Problem details » Leaving out all pictures, restate word for word the lines from the one with "Sanaulla Exclusive Range" through the last line of the entries.

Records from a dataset
————————
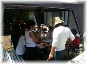 今日のメインイベントは『お庭でバーベキュー』(o^∇^o)ノ一番楽しみにしていたのはケンで昨日から、友達とも約束をしてルンルン♪♪ところが、朝起きてみると昨日から続いて、シトシトと雨が...ケンに「雨降ってるネ!!」と言うと『えぇ~っ!!どうするよぉ~★』と今にも泣き出しそうな顔...(/□≦、)天気予報を確認すると、何とか回復基調☆彡ということで、しばらく様子を見ることに (「・・)「回復が遅れたら、夕方からでもやるか!!」とケンの期待に応える気持ちでいると10時頃になって、かなり空が明るく♪♪『よし!!大丈夫だろうからやろう (* ̄0 ̄)/』決断したところから、ジージ・バーバに連絡したり子ども等も、他の友達に電話をかけたりパパとママは食材等の買出しに!!みんなの”ワクワク”が天にも通じたのか買い物から帰る頃には、朝とは打って変わって見事な快晴に ☆(*^o^)乂(^-^*)☆『決断すること』のパワーを感じちゃいました♪♪☆---☆---☆---☆---☆さぁ!!晴れたとなると日差しは夏並み...(^^;)炭火を起こしたり、テーブルを準備したり動き始めたら、もうスグに汗びっしょり!!とても青空を見ながらでは食事になりそうになくタープまで組み立てることに...イキナリ日焼けしちゃいましたがみんな快適に楽しい食事が出来たようでイッパイの笑顔に、私もとっても幸せ気分 (*^▽^*)とっても、とってもステキな時間となりました♪♪子ども達も、仲良く話をしたりときには肉を取り合ってケンカしたりととっても微笑ましい (*^^*)日頃は2人きりで食事をしているジージ・バーバも『こんなたくさんで食べるなんて、久しぶり♪」とご満悦の様子☆彡みんな、また近いうちに集まって楽しもうネェ~♪♪ありがとうございます☆★☆彡
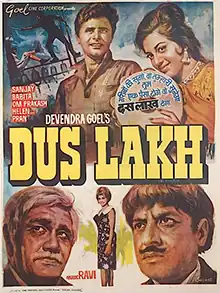 Dus Lakh (English: Ten Lakhs or One Million) is a 1966 Indian Hindi-language comedy film.[1] It was produced and directed by Devendra Goel. Music was composed by Ravi. The star cast included Sanjay Khan, Babita, Helen, Pran, Om Prakash, Manorama, Ramesh Deo, Seema Deo, and Neetu Singh. Babita made her acting debut through this film.
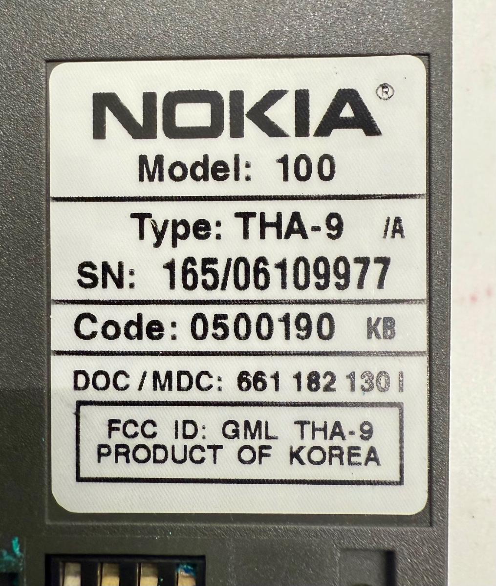 Nokia Vintage 1990’s Model 100 Cell Phone THA-9A
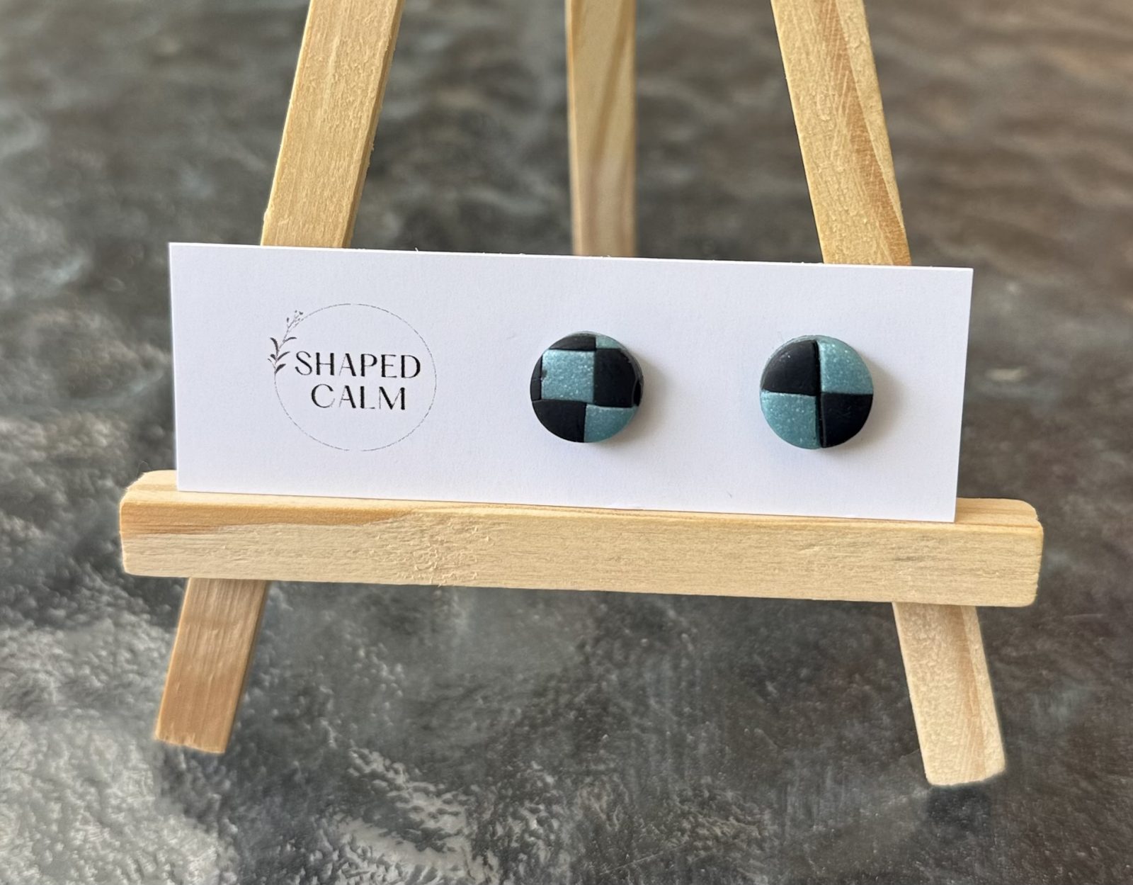 Teal and black checker round stud earringsAvailability: 1 in stock
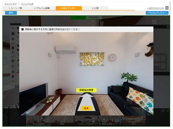 パノラマをドラッグして、移動したい方向に視線を向けて、「OK」をクリックしてください。
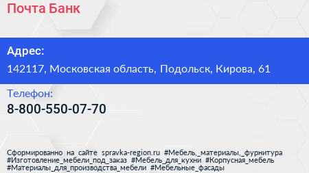 Почта Банк по адресу 142117, Московская область, Подольск, Кирова, 61 в дальнейшем Организация, размещена в следующих категориях:
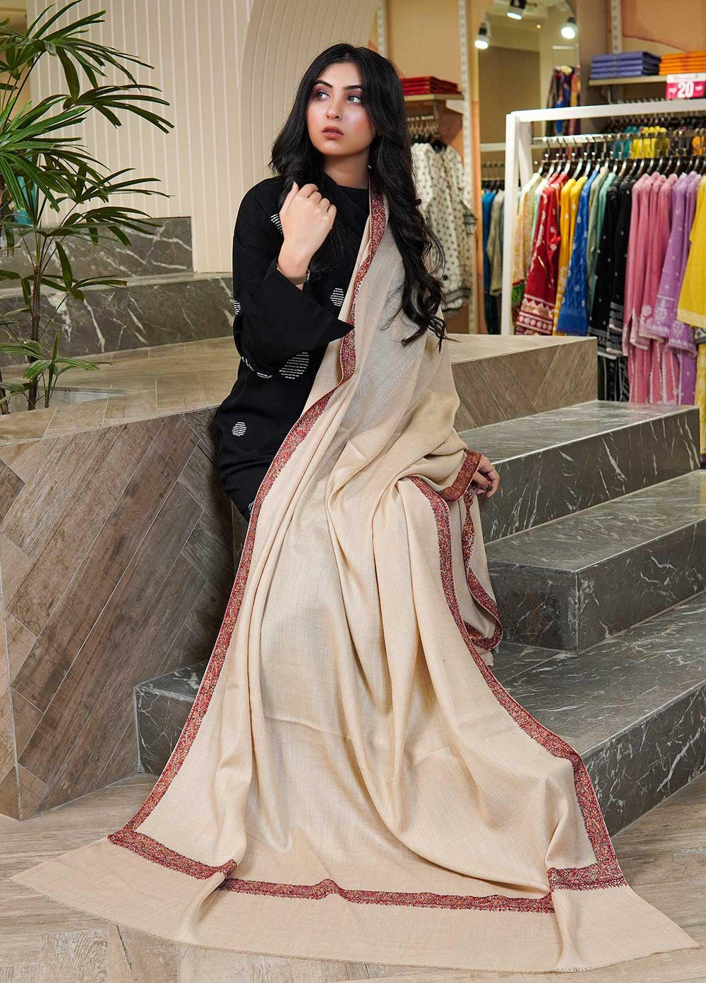 Sanaulla Exclusive Range Pashmina Shawls MAMA-09 Beige-9 - Pashmina Shawls
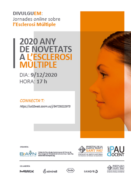 El proper 9 de desembre, a les 17 hores, tindrà lloc la xerrada divulgativa per a pacients “2020 any de novetats a l’esclerosi múltiple”, organitzada per la Unitat de Neuromuscular del Servei de Neurologia de Sant Pau. En aquesta ocasió, degut a la situació actual de pandèmia la sessió es farà online.
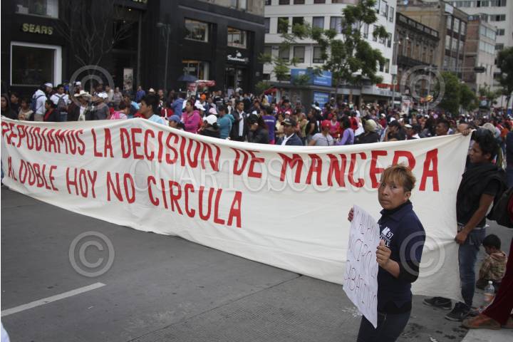 MÉXICO, D.F., 30JUNIO2014.- Integrantes de organizaciones sociales, marcharon del Ángel de la Independencia al zócalo capitalino donde exigieron que el gobierno del Distrito Federal revoque el doble no circula para vehículos que cuenten con más de 15 años de antigüedad. FOTO: SAÚL LÓPEZ /CUARTOSCURO.COM
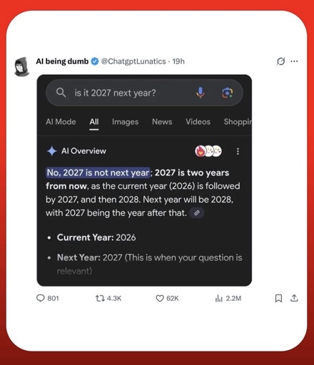 Yeah, “AI” is just statistical analysis. There’s more data in it’s database that indicates the 2027 is not year and only a few days worth of data that indicates that it is. Since there’s more data indicating 2027 is not next year, it chooses that as the correct answer.
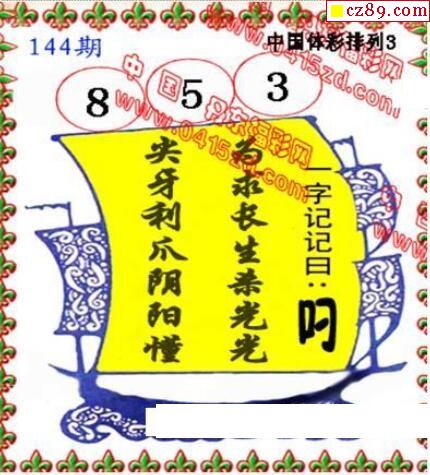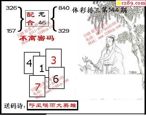 2020年144期牛彩网体彩P3画迷图谜汇总分享
————————
Response for this exercise »
 Sanaulla Exclusive Range Pashmina Shawls MAMA-09 Beige-9 - Pashmina Shawls
 El proper 9 de desembre, a les 17 hores, tindrà lloc la xerrada divulgativa per a pacients “2020 any de novetats a l’esclerosi múltiple”, organitzada per la Unitat de Neuromuscular del Servei de Neurologia de Sant Pau. En aquesta ocasió, degut a la situació actual de pandèmia la sessió es farà online.
 MÉXICO, D.F., 30JUNIO2014.- Integrantes de organizaciones sociales, marcharon del Ángel de la Independencia al zócalo capitalino donde exigieron que el gobierno del Distrito Federal revoque el doble no circula para vehículos que cuenten con más de 15 años de antigüedad. FOTO: SAÚL LÓPEZ /CUARTOSCURO.COM
 Yeah, “AI” is just statistical analysis. There’s more data in it’s database that indicates the 2027 is not year and only a few days worth of data that indicates that it is. Since there’s more data indicating 2027 is not next year, it chooses that as the correct answer.
 2020年144期牛彩网体彩P3画迷图谜汇总分享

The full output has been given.